Key Takeaways — Production Patterns

Use a watch channel + select! for coordinated graceful shutdown

Bounded channels (mpsc::channel(N)) provide backpressure — senders block when the buffer is full

JoinSet and TaskTracker provide structured concurrency: track, abort, and await task groups

Always add timeouts to network operations — tokio::time::timeout(dur, fut)

Tower’s Service trait is the standard middleware pattern for production Rust services

See also: Ch 8 — Tokio Deep Dive for channels and sync primitives, Ch 12 — Common Pitfalls for cancellation hazards during shutdown

14. Exercises

Exercises

Exercise 1: Async Echo Server

Build a TCP echo server that handles multiple clients concurrently.

Requirements:

Listen on 127.0.0.1:8080
Accept connections and echo back each line
Handle client disconnections gracefully
Print a log when clients connect/disconnect

🔑 Solution

use tokio::io::{AsyncBufReadExt, AsyncWriteExt, BufReader};
use tokio::net::TcpListener;

#[tokio::main]
async fn main() -> Result<(), Box<dyn std::error::Error>> {
    let listener = TcpListener::bind("127.0.0.1:8080").await?;
    println!("Echo server listening on :8080");

    loop {
        let (socket, addr) = listener.accept().await?;
        println!("[{addr}] Connected");

        tokio::spawn(async move {
            let (reader, mut writer) = socket.into_split();
            let mut reader = BufReader::new(reader);
            let mut line = String::new();

            loop {
                line.clear();
                match reader.read_line(&mut line).await {
                    Ok(0) => {
                        println!("[{addr}] Disconnected");
                        break;
                    }
                    Ok(_) => {
                        print!("[{addr}] Echo: {line}");
                        if writer.write_all(line.as_bytes()).await.is_err() {
                            println!("[{addr}] Write error, disconnecting");
                            break;
                        }
                    }
                    Err(e) => {
                        eprintln!("[{addr}] Read error: {e}");
                        break;
                    }
                }
            }
        });
    }
}

Exercise 2: Concurrent URL Fetcher with Rate Limiting

Fetch a list of URLs concurrently, with at most 5 concurrent requests.

🔑 Solution

#![allow(unused)]
fn main() {
use futures::stream::{self, StreamExt};
use tokio::time::{sleep, Duration};

async fn fetch_urls(urls: Vec<String>) -> Vec<Result<String, String>> {
    // buffer_unordered(5) ensures at most 5 futures are polled
    // concurrently — no separate Semaphore needed here.
    let results: Vec<_> = stream::iter(urls)
        .map(|url| {
            async move {
                println!("Fetching: {url}");

                match reqwest::get(&url).await {
                    Ok(resp) => match resp.text().await {
                        Ok(body) => Ok(body),
                        Err(e) => Err(format!("{url}: {e}")),
                    },
                    Err(e) => Err(format!("{url}: {e}")),
                }
            }
        })
        .buffer_unordered(5) // ← This alone limits concurrency to 5
        .collect()
        .await;

    results
}

// NOTE: Use Semaphore when you need to limit concurrency across
// independently spawned tasks (tokio::spawn). Use buffer_unordered
// when processing a stream.

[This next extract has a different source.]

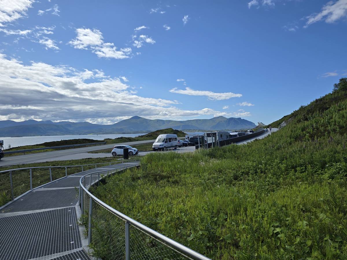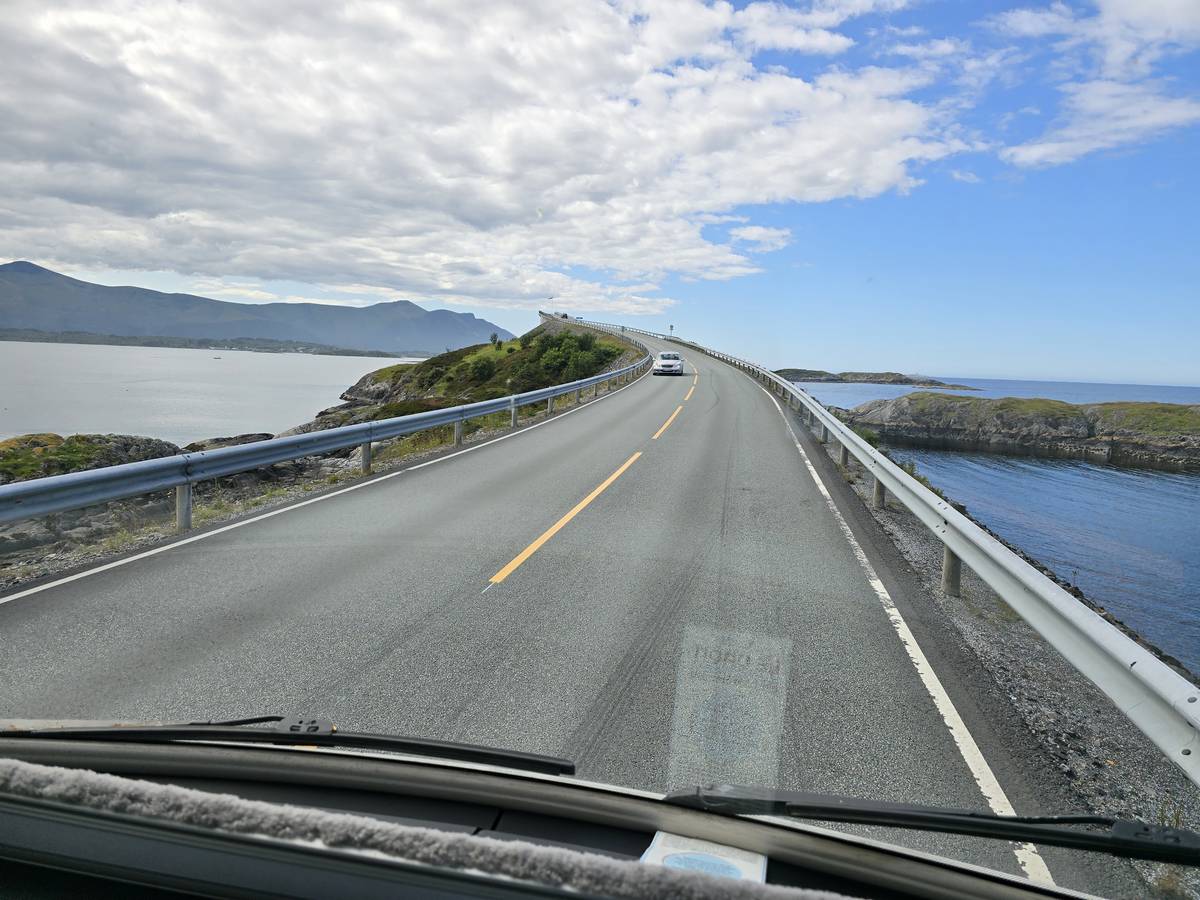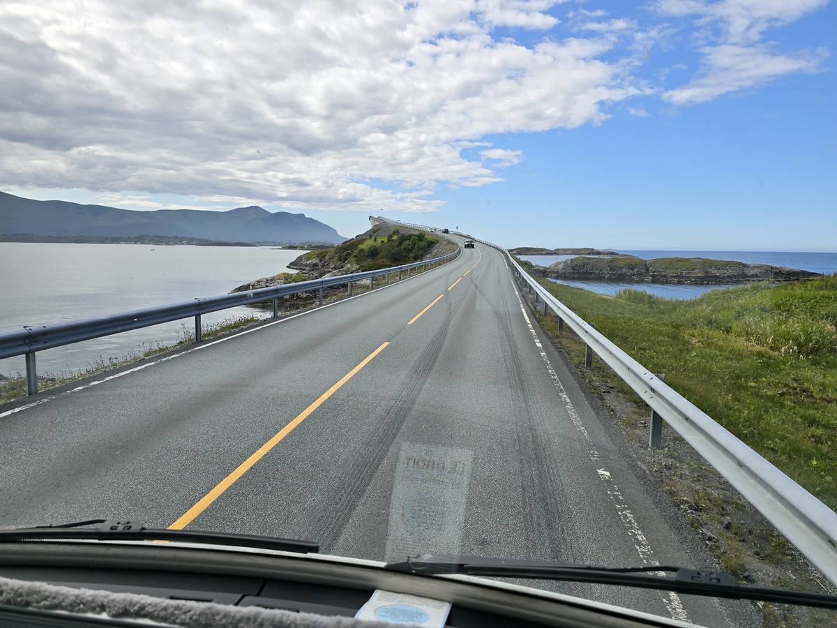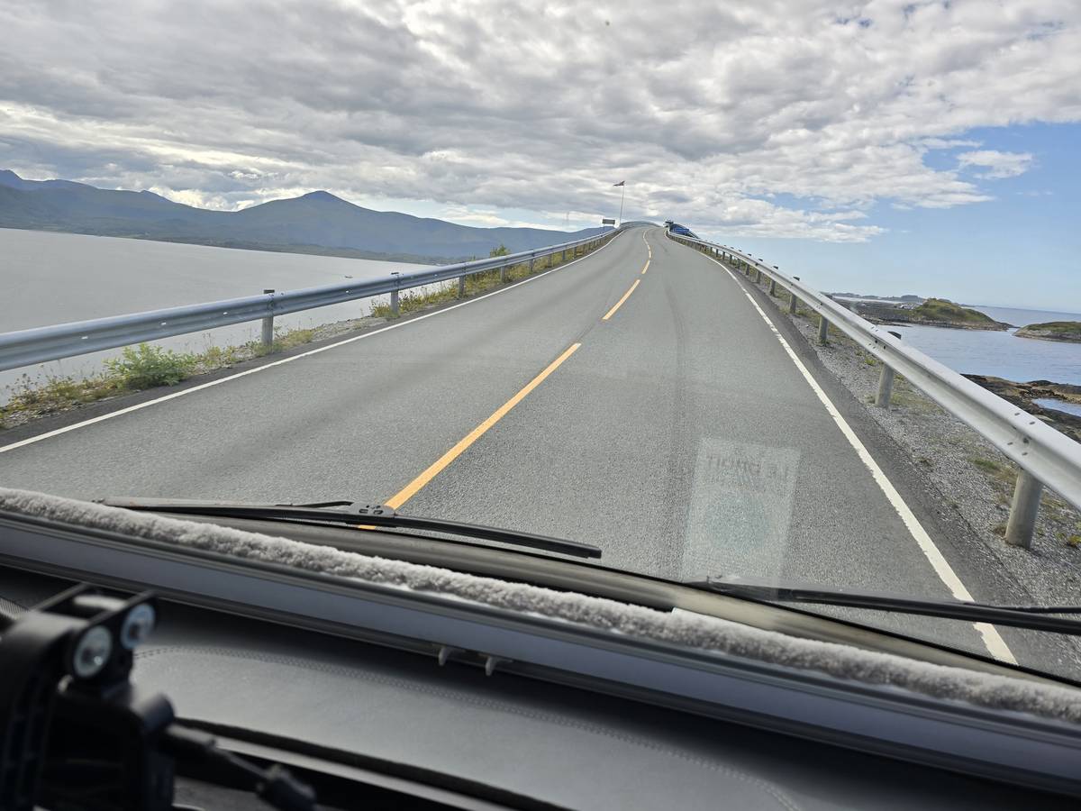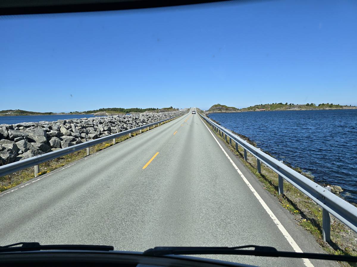 Nous prenons le ferry pour Christiansund. Puis la magique route de l'Atlantique. Vous trouverez cerainement des photos un peu similaires, c'est volontaire! J'ai trouvé cette route tellement belle que j'ai pris beaucoup de photos (nous avons pris) et j'en ai gardé beaucoup et jeté également beaucoup. Nous passerons la nuit entre Alesund et Vetnes sur un grand parking (Coordonnées : 62.532978, 6.950589).

Don't combine both for the same limit.
}

Exercise 3: Graceful Shutdown with Worker Pool

Build a task processor with:

A channel-based work queue
N worker tasks consuming from the queue
Graceful shutdown on Ctrl+C: stop accepting, finish in-flight work

🔑 Solution

use tokio::sync::{mpsc, watch};
use tokio::time::{sleep, Duration};

struct WorkItem {
    id: u64,
    payload: String,
}

#[tokio::main]
async fn main() {
    let (work_tx, work_rx) = mpsc::channel::<WorkItem>(100);
    let (shutdown_tx, shutdown_rx) = watch::channel(false);

    // Spawn 4 workers
    let mut worker_handles = Vec::new();
    let work_rx = std::sync::Arc::new(tokio::sync::Mutex::new(work_rx));

    for id in 0..4 {
        let rx = work_rx.clone();
        let mut shutdown = shutdown_rx.clone();
        let handle = tokio::spawn(async move {
            loop {
                let item = {
                    let mut rx = rx.lock().await;
                    tokio::select! {
                        item = rx.recv() => item,
                        _ = shutdown.changed() => {
                            if *shutdown.borrow() { None } else { continue }
                        }
                    }
                };

                match item {
                    Some(work) => {
                        println!("Worker {id}: processing item {}", work.id);
                        sleep(Duration::from_millis(200)).await; // Simulate work
                        println!("Worker {id}: done with item {}", work.id);
                    }
                    None => {
                        println!("Worker {id}: channel closed, exiting");
                        break;
                    }
                }
            }
        });
        worker_handles.push(handle);
    }

    // Producer: submit some work
    let producer = tokio::spawn(async move {
        for i in 0..20 {
            let _ = work_tx.send(WorkItem {
                id: i,
                payload: format!("task-{i}"),
            }).await;
            sleep(Duration::from_millis(50)).await;
        }
    });

    // Wait for Ctrl+C
    tokio::signal::ctrl_c().await.unwrap();
    println!("\nShutdown signal received!");
    shutdown_tx.send(true).unwrap();
    producer.abort(); // Cancel the producer task

    // Wait for workers to finish
    for handle in worker_handles {
        let _ = handle.await;
    }
    println!("All workers shut down. Goodbye!");
}

Exercise 4: Build a Simple Async Mutex from Scratch

Implement an async-aware mutex using channels (without using tokio::sync::Mutex).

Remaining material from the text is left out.